I recently (okay, a year ago) joined Second Life. If you don’t know what second life is, it’s a computer program where you choose a little person to represent you in a computer generated world. You can pretty do whatever you want there. True, there are a LOT of people that just go on there to have some sort of freaky BDSM sex or something along those lines. I chose a different route. I joined a Star Trek fangroup… please don’t click onto another site yet. I’m not going to you with long-winded star trek information. I do enough of that in the group. 😀
I bring it up because something interesting happened. For some reason I chose to appear as a man. The truth is, most people go the opposite, men pretending to be women. I don’t know why this is. The reason I chose a male avatar was…. as I said, I don’t know. In role playing, you can pretty much be anyone. I chose my little Vulcan guy.
Then my second life made my real life a bit complicated. I got a crush on someone. The catch is he thought I was a guy. He was straight. So I just sat around with my crush and didn’t say a word. We were really good friends though.

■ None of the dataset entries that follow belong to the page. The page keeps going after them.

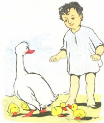
ნახატები ა. კანდელაკისა

მწვანე მოლხე დაბავბავჯებს გურამიკო ტიტლიკანს. აგერ ბატმა რა ღამასი ჭუჭულები მოიუვანა! რა ფაფუკი, რა ვეითელი, რა ქორფა ჭუჭულებია, ერთმანეთს არ შორღეიან, წუნარად უჭუჭუკებიათ. გურამიკოს გული წუდებ ჭუჭულებს რომ ვერ აიუვანს; ამბობს: „ბატი ცუდი არის, ჭუჭულები ძლიერ მიუვარს!“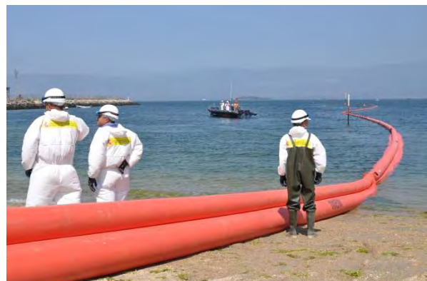
Figura 10: Barrera selladora desplegada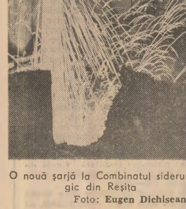
O nouă sîrjă la Combinatul siderurgic din Reșița.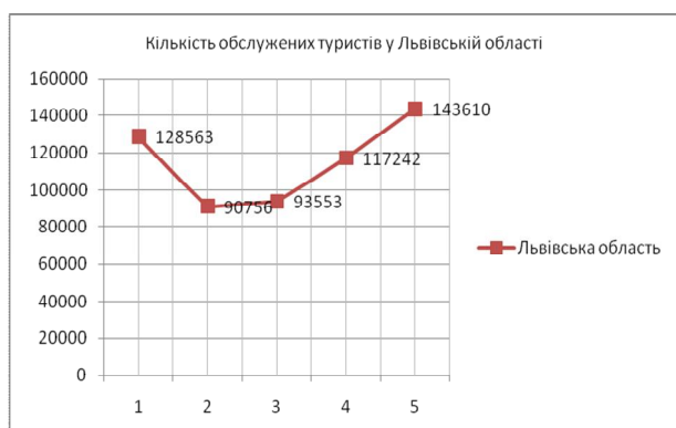
Рис. 1. Зміни числа туристів у Львівській області (2004–2008 рр.)

Зобразимо зміни числа туристів для Львівської області та для України із використанням засобів табличного процесора MS Excel: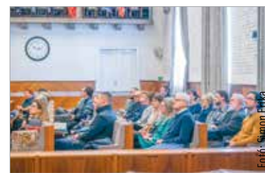
A tervek szerint a jövőben rendszeresen egyeztetnek majd a város kulturális életének meghatározó szereplői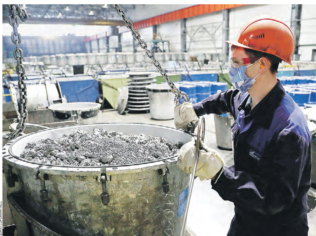
4 марта 2021 года. Свердловская область. Рабочий одного из цехов «Корпорации ВСМПО-Ависма». Эта компания — крупнейший поставщик титана в мире, попавший под западные санкции

Надо заметить, что о прекращении поставок российского газа речи не идет. Куда мы денем 150 миллиардов кубометров, которые составляют наш экспорт? Экономика не подворотно, где можно вывязываться в драку. В экономике побеждает тот, кто умнее. Еще больше зависимость Запада от российской нефти. 25–30 процентов нефти в Европу приходит из России. Наша страна — второй импортер нефти даже в США. Да, от продажи нефти Россия получает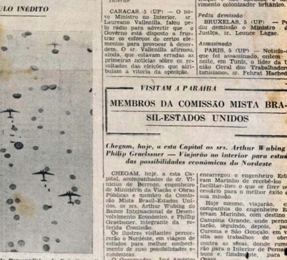
Oficiais e alunos da Escola de Paraquedistas do Exército realizam, no próximo domingo, pela manhã, a primeira demonstração de saltos, nesta Capital. Pelo que possui de inédito, essa demonstração será despertando o entusiasmo da população. No clichê acima, um aspecto de saltos de paraquedismo, pelos alunos da Escola de Paraquedistas do Exército. Será como este da gravura o espetáculo que teremos ocasião de ver, no domingo próximo. (Texto na terceira página)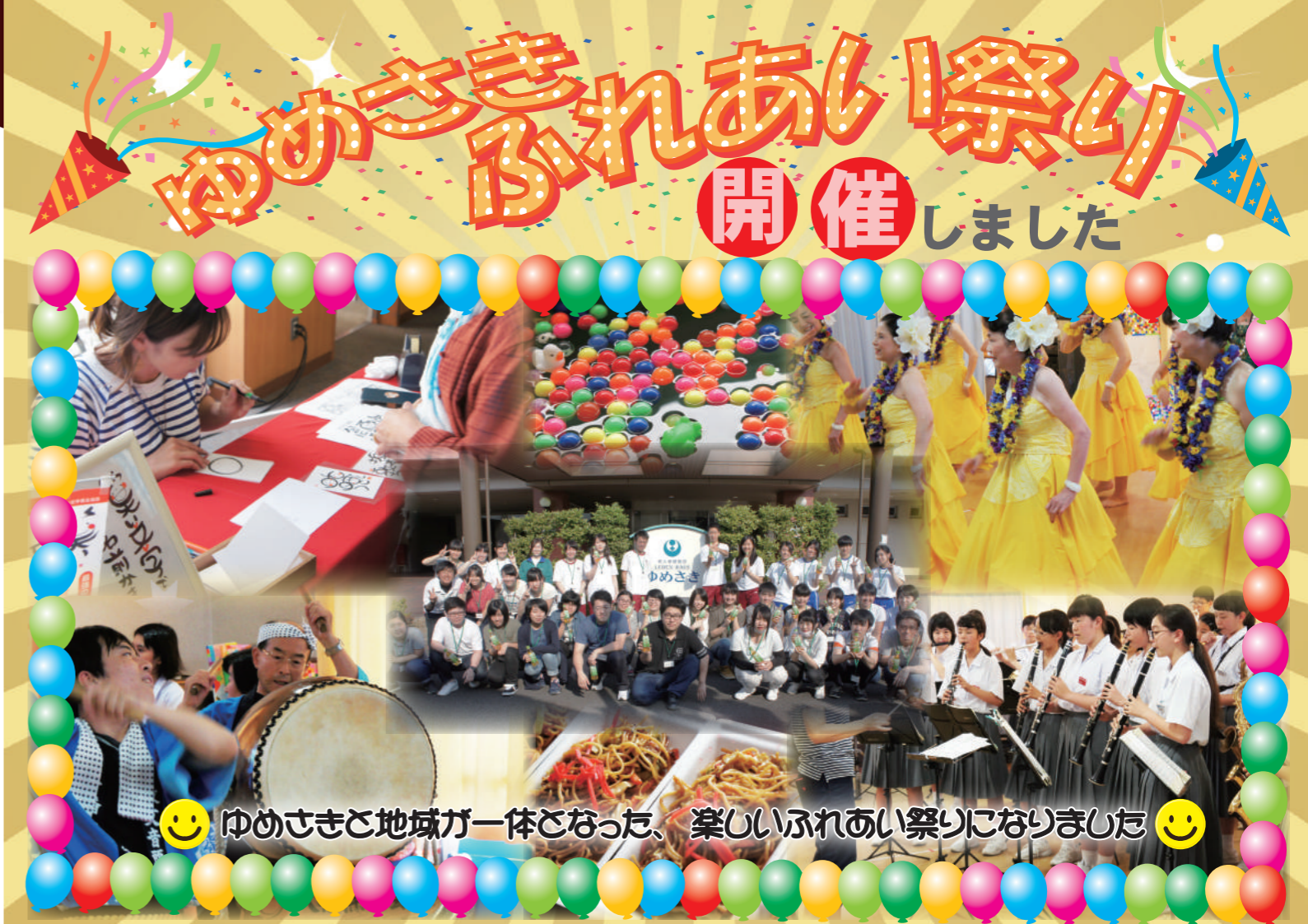
😊 ゆめさきと地域が一体となった、楽しいふれあい祭りになりました 😊

私たちはこれまでに「病棟ではなく家に帰りたい」、「住み慣れた地域で暮らしたい」という利用者様の声を耳にしてきました。そんな想いを第一に考え、ご本人やご家族をサポートすることで自宅療養実現のお手伝いをしたいと考えています。また看取りも含めて、ご本人が最期までその人らしく生活できるようにお一人お一人に寄り添った看護で支援させていただきます。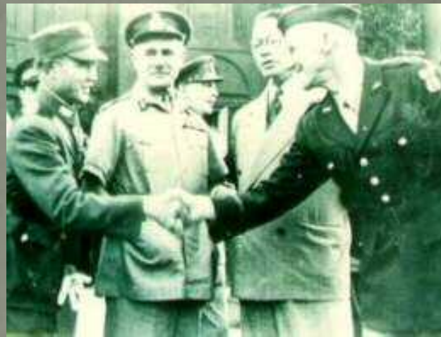
孫立人將軍與史迪威

孫立人對這種人事安排當然不滿，但又沒有辦法，只能暗中怨恨。後來經過一番活動，由美國人出面，以孫立人練兵有方，調往台灣去訓練新兵，並從新一軍軍部及三十八師調去幾百個在稅警總團和印緬時期的親信隨同前往，另起爐灶。三十八師也脫離新一軍另成立新七軍，以李鴻為軍長，歸鄭洞國領導，仍駐長春。新一軍軍長潘裕昆率五十師及新編入的其他部隊駐防瀋陽。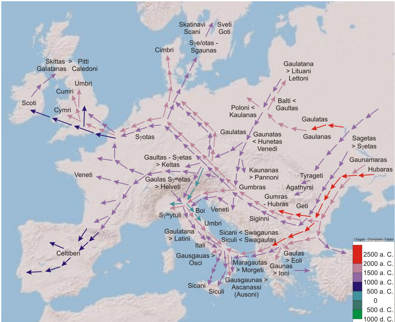
Figura 2 – Migrazioni dei Sageti in Europa.

Medi, si vestivano come essi e si estendevano fino ai Veneti dell'Adriatico. Lo storico riconosce di non essere in grado di spiegare come dei Medi fossero arrivati fino a quel luogo. E' probabile che i Siginni fossero coloni non dei Medi di Media, ma di quelli deportati dagli Sciti che avevano assunto il nome di Sauromati, poi Sarmati, e si erano mescolati ai Sageti o erano divenuti allevatori di vacche, ovvero * Swagaunas . Della presenza di popolazioni derivate dalla fusione di Sarmati e Sageti tra il Danubio e la Vistola, troviamo infatti testimonianza anche nel nome della capitale dei Daci Sarmizegetusa , del fiume Sargetia (ora Strei) [64] e dei Sargeti , che Ammiano Marcellino colloca nei pressi della Vistola vicino agli Arimfei e ai Massageti [65].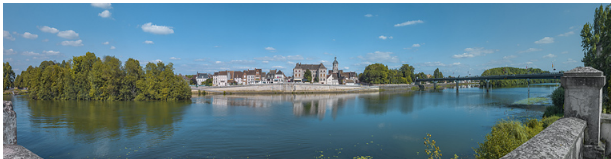
La ville de Seurre, ses quais et le nouveau pont, vus depuis la culée de l'ancien pont.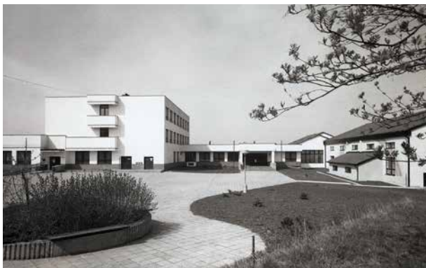
Pohled na budovu ze dvora (1996)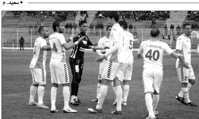
الذهاب بعيدا في هذه المنافسة بعدما أجبر على مغادرتها في الدور الهجوي الغربي الأخير منها في السنتين الماضيتين.

تشكل مواجهة فريق أمل مروانة أهمية بالغة لدى المستضيف فريق جمعية وهران، من منطلق أن الفوز بتقاطها سيمنح الوهرانيين من البقاء في مركز الوصافة على الأقل، هذا إن لم يفتقدوا إلى الصدارة سواء بفرضهم أو بالشراكة مع الرائد اتحاد سيدي بلعباس في حال اعتزته أمام الجارة مولودية سعيدة. وفي كل الأحوال، فإن "الجماعة" هم في "القاعدة" قبل إسداد الستار عن شق الأول من البطولة الاحتراافية الثانية بثلاث جولات، قد تهديهم تقيا شتوا هو أكثر من مستحق لديهم.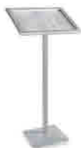
252 Atril Porta menú Menu holder lectern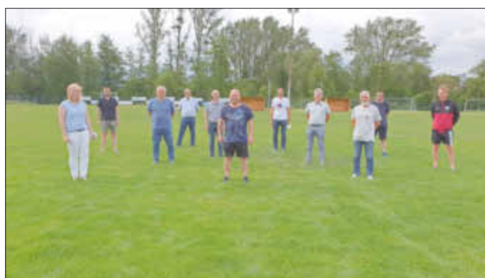
Der neue Vorstand des VfB Gisingen

Wir danken den ausgeschiedenen Vorstandsmitgliedern für ihr Engagement für den VfB Gisingen und für die Bereitschaft den Verein auch weiterhin zu unterstützen.

Then I told him that in real life I was a woman. I still am not entirely sure why I did this. It turns out that he really liked me. After finding out I was really a woman, he got a crush on me back, and pretty quickly too. Long story short, we’ve grown very close since we first met, and are madly and nauseatingly in love. He’ll be moving to my town as a result.
It’s interesting. If I had met him in person first, he probably would never have gotten to know me. My autistic problems would have made that close to impossible. But he got to know the real me through a fake me. That is ironic. I was fully myself. No inhibitions, no worrying if I was doing the right thing, none of the social rules and faux pas that I normally have to deal with, but I was just me.
In life, I am NOT popular. My only close friends I don’t even see anymore. My best friend got a boyfriend, and I have seen her twice in the year since. And yet in this online world, I have more people to talk to than I can sometimes handle. Sure, they’re probably just aquaintances, but I don’t have any in life.
I suppose that just goes to show how much NT people rely on how well you communicate. People say that they don’t judge people, instead liking a person based on their personality, intelligence, or sense of humor. I believe I am proof that this is not really true. In person, I do everything wrong socially, say the wrong things, make people mad and uncomfortable, and am always left alone. In this metaverse, I am popular, well liked, and given respect. People come to me with their problems because I know just what to say and how to help them.
Why does this happen?? How is it possible for me to be the same in both places with totally different results. I’ll say this much, at least people in both worlds would describe me as weird. I guess I’m weird no matter where I go.